2. В настоящем очерке еще не учтены новые находки эламских текстов за пределами Суз.

3. На самом деле их могло быть и много больше. Долгота (удвоение) согласных в эламском, видимо, является частью лишь графическим, частью комбинаторным явлением.

4. Возможно, что знаками для t передаются две разные фонемы: переднеязычная н латеральная (глухой l. или ретрофлексный l_).

5. Транслитерация условная; аффриката неясного качества.

6. Подробнее см. [10].

7. Например, -k в выражении rutu hani-k u-r-е 'жена любимая моя' можно объяснить тем, что жена принадлежит говорящему.

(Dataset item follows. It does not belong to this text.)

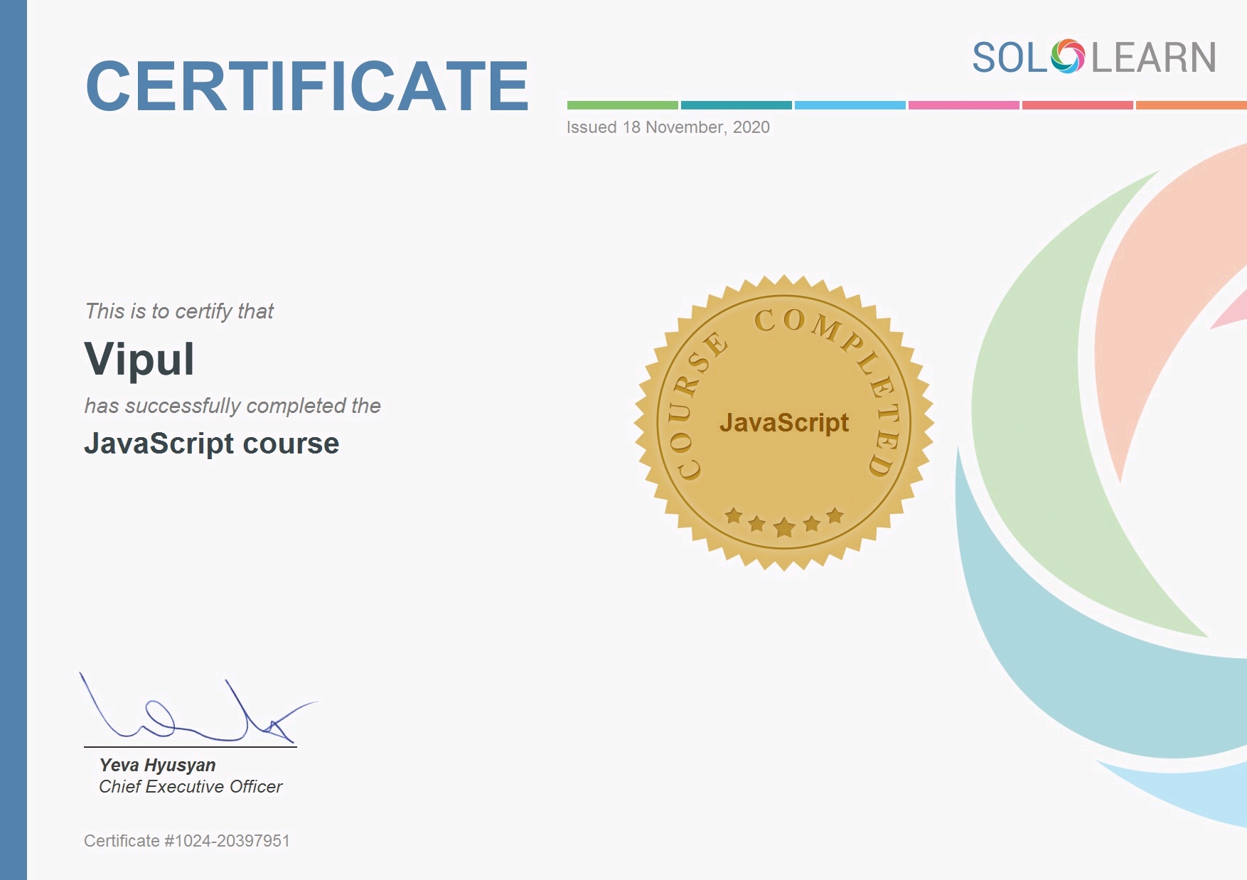 2. Solo-Learn JavaScript Certification. JS Certificate
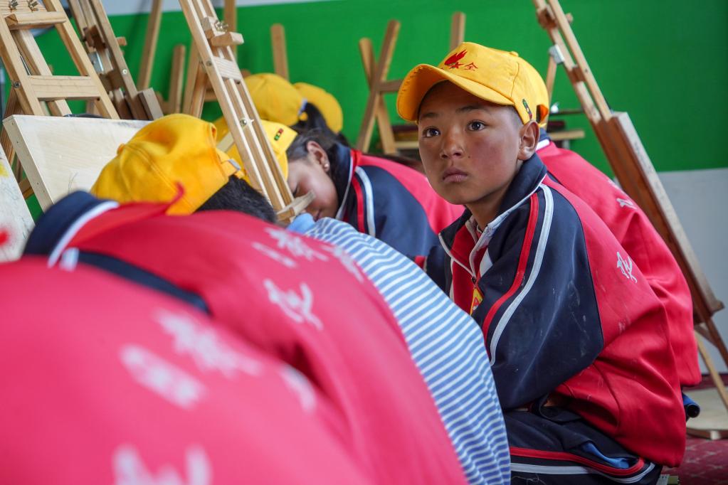 扎西宗鄉(xiāng)完全小學的學生在上美術課(6月5日攝)。

8. По Э. Рейнер, форма на -t - форма "аллокутива", соотносящая имя со 2-м лицом.

9. Или является союзом?

10. Некоторые исследователи полагают, что в новоэламском окончания -i, -а существуют только графически (или совпали в /-а/, но ср. эту точку зрения с мнением Грильо).

11. При глагольных формах послелоги применяются для выражения синтаксического подчинения.

12. Как в староэламском, так и в новоэламском формы словоизменения непереходного глагола состояния применимы и к именному сказуемому. Различие заключается только в том, что в первом случае основа может служить и для глагола действия.

13. Обозначение его как "активного" было бы неправильным, так как оно не противостоит пассиву.

14. Гласные окончания, возможно, обусловлены только законами графики.

15. Не все позиции бывают заняты; нумерация позиций передает только относительный порядок размещения формантов.

16. Ср. § 6, п. 2, 1), пример (2). Как указывалось выше, чистая основа с этими же показателями также может выступать в роли стативного сказуемого.

17. Эта основа, конечно, отличалась от местоимения 1-го лица (h)u. Может быть, следует постулировать исходную форму *о- (*ho-)?


Литература

1. Вайман А. А. О связях протоэламской письменности с протошумерской. - ВДИ. 1972, № 3.
2. Hinz W. Zur Entzifferung der elamischen Strichschrift. - "Iranica Antiqua". 2. Leiden, 1962.
3. Дьяконов И. М. Языки древней Передней Азии. М., 1967.
4. Reiner E. The Elamite Language. - HOr. 1 Abt., Bd. 2, 1-2. Abschn., Lief. 2.
5. Paper H. H. The Phonology and Morphology of Royal Achaemenid Elamite. Ann Arbor, 1955.
6. Hallock R. T. The Finite Verb in Achaemenid Elamite. - JNES, 1959, 18, I.
7. Hallock R. T. Persepolis Fortification Tablets. Chicago, 1969 [c. 1-86: грамматический очерк].
8. Hallock R. T. The Pronominal Suffixes in Achaemenid Elamite. - JNES, 21.
9. Hallock R. T. The Verbal Noun in Achaemenid Elamite. - "Iranica Antiqua". 2. Leiden, 1962.
10. Grillot F. La postposition genitive -na en Elamite. - "Cahiers de la Delegation archeologique francaise en Iran", 1973, 3 (с почти полной библиографией по эламскому языку).
11. Grillot F. A propos de la notion de subordination dans la syntaxe elamite. - JA. 258 (1970).
12. Friedrich J. Altpersisches und Elamisches. - "Orientalia". 18, 1949, 1.
13. Friedrich J. Die Partikeln der zitierten Rede im Achaemenidisch-Elamischen. - "Orientalia". 1943, 12.
14. Labat R. Note sur la cojugaison elamite. - JCS. 1947.
15. Labat R. Structure de la langue elamite. - Conferences de l'Institut de linguistique de l'Universite de Paris. 9. Paris, 1950-1951.